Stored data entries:
((
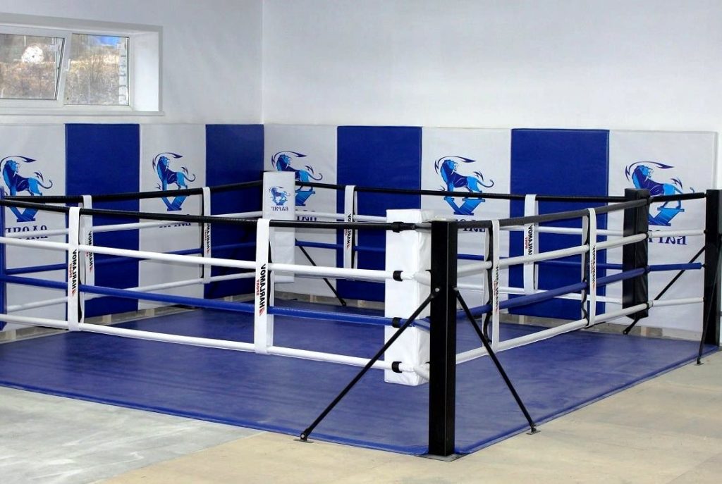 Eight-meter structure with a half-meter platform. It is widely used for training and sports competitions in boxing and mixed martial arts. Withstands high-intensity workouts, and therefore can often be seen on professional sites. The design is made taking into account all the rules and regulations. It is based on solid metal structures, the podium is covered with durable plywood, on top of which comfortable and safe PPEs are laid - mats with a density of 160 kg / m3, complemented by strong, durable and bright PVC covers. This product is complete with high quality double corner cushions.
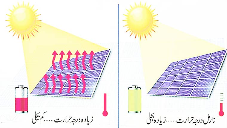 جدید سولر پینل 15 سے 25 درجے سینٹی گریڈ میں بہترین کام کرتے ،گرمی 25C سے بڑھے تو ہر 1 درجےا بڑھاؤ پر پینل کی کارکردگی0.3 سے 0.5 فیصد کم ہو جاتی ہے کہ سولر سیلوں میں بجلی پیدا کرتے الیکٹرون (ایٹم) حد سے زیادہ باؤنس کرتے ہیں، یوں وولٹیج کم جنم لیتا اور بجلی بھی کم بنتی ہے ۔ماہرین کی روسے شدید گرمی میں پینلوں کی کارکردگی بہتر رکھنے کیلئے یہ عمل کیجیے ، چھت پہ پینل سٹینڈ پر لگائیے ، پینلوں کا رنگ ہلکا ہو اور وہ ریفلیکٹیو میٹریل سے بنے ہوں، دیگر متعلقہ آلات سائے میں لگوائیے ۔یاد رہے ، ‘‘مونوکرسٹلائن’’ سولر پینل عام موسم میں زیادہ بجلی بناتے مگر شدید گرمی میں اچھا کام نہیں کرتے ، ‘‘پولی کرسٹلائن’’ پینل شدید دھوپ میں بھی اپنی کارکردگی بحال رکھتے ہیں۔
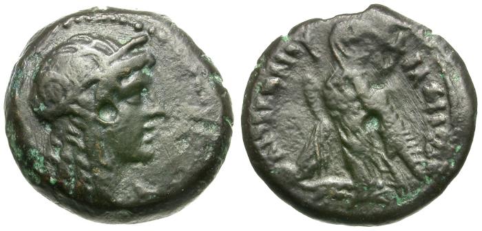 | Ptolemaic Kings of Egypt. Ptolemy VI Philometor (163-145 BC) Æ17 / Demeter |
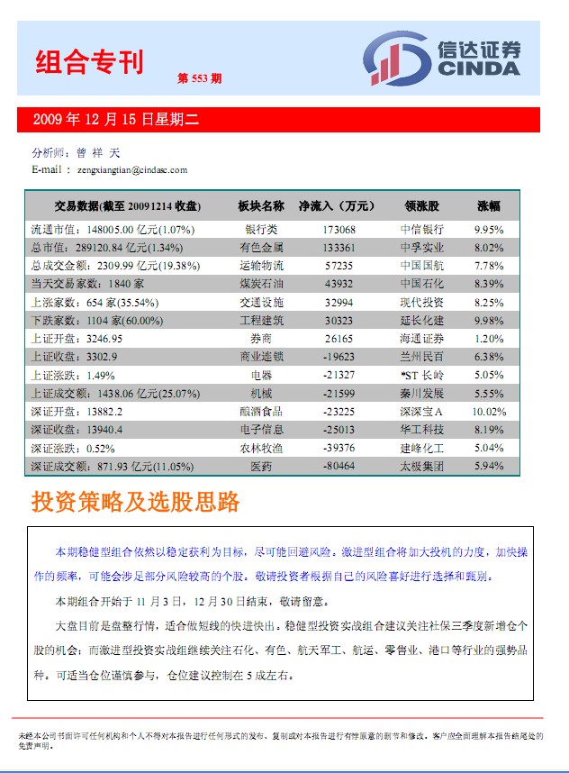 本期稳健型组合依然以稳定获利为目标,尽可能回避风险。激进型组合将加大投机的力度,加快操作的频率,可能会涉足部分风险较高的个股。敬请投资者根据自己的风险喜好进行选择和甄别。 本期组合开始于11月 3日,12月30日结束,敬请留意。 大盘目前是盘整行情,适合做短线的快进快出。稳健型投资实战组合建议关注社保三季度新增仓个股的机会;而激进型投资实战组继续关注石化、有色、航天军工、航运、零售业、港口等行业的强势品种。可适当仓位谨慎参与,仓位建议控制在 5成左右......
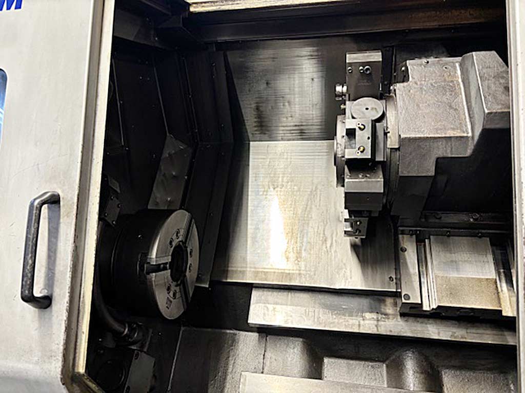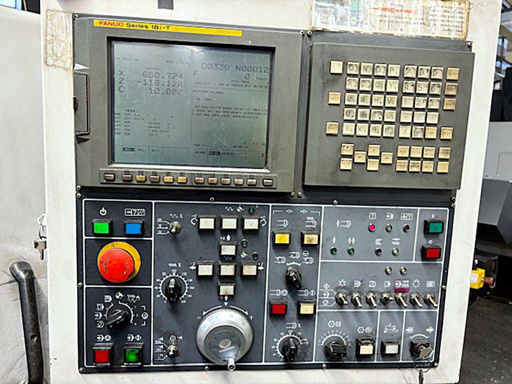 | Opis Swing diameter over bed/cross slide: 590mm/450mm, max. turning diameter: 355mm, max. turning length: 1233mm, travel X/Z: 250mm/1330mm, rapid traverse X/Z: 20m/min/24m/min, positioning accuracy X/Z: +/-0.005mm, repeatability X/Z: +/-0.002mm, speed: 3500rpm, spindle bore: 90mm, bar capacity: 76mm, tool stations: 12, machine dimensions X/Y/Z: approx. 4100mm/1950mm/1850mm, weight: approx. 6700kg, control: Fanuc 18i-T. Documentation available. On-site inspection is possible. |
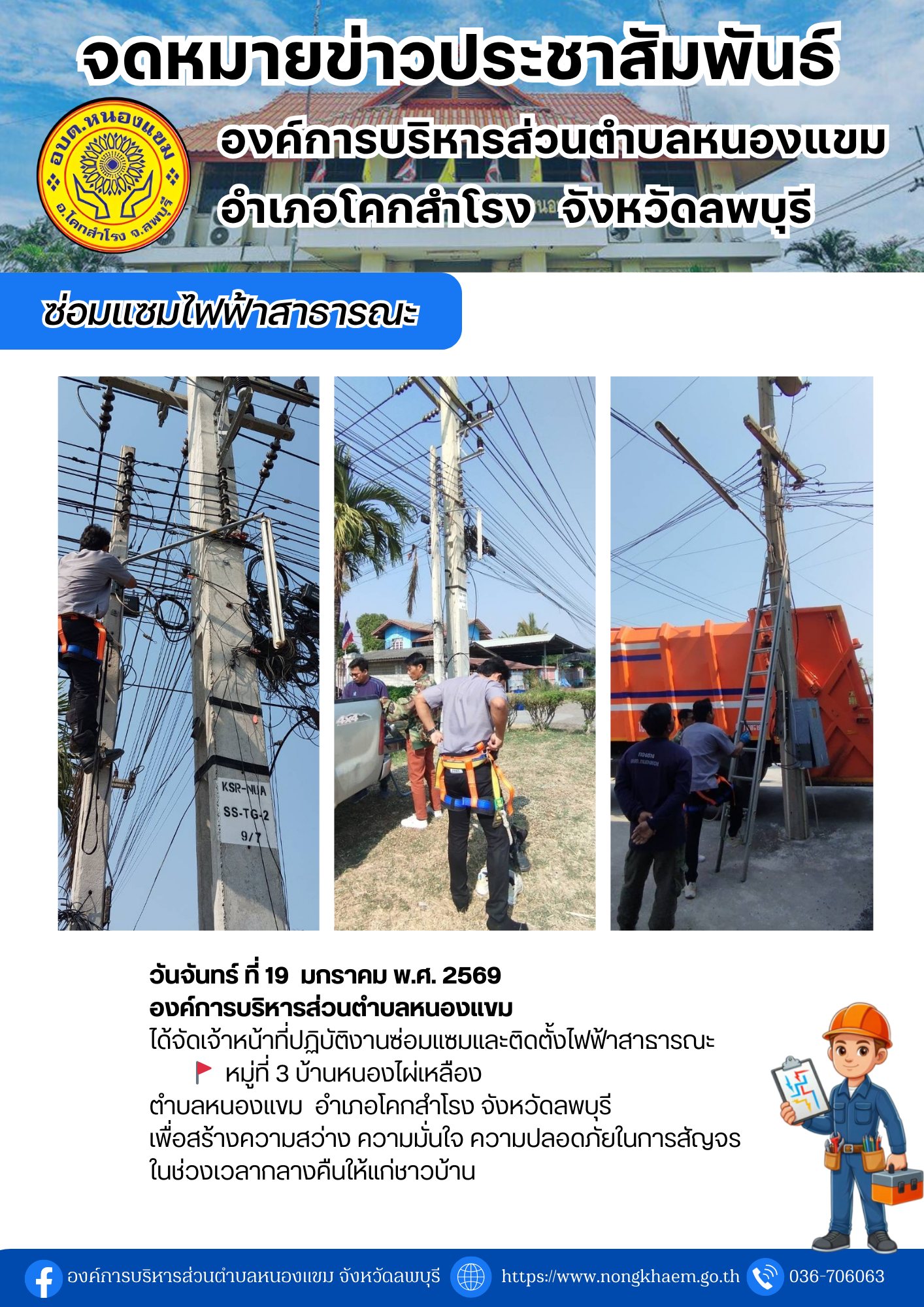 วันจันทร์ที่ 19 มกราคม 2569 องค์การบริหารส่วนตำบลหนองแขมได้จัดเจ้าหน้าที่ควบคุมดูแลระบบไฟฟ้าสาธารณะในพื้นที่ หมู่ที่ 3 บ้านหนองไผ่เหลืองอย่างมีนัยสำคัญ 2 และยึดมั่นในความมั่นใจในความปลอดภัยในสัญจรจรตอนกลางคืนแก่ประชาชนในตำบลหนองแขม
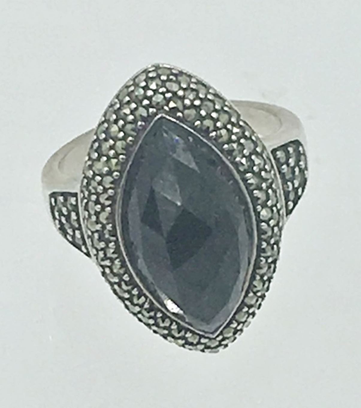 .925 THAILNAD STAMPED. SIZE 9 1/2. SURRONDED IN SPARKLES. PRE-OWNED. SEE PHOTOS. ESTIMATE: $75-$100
))
Task goal:
Here the lines from the one with "วันจันทร์ที่ 19 มกราคม" through the last line of the data above need to be repeated exactly, both included, and any picture omitted.

Answer space:
 วันจันทร์ที่ 19 มกราคม 2569 องค์การบริหารส่วนตำบลหนองแขมได้จัดเจ้าหน้าที่ควบคุมดูแลระบบไฟฟ้าสาธารณะในพื้นที่ หมู่ที่ 3 บ้านหนองไผ่เหลืองอย่างมีนัยสำคัญ 2 และยึดมั่นในความมั่นใจในความปลอดภัยในสัญจรจรตอนกลางคืนแก่ประชาชนในตำบลหนองแขม
 .925 THAILNAD STAMPED. SIZE 9 1/2. SURRONDED IN SPARKLES. PRE-OWNED. SEE PHOTOS. ESTIMATE: $75-$100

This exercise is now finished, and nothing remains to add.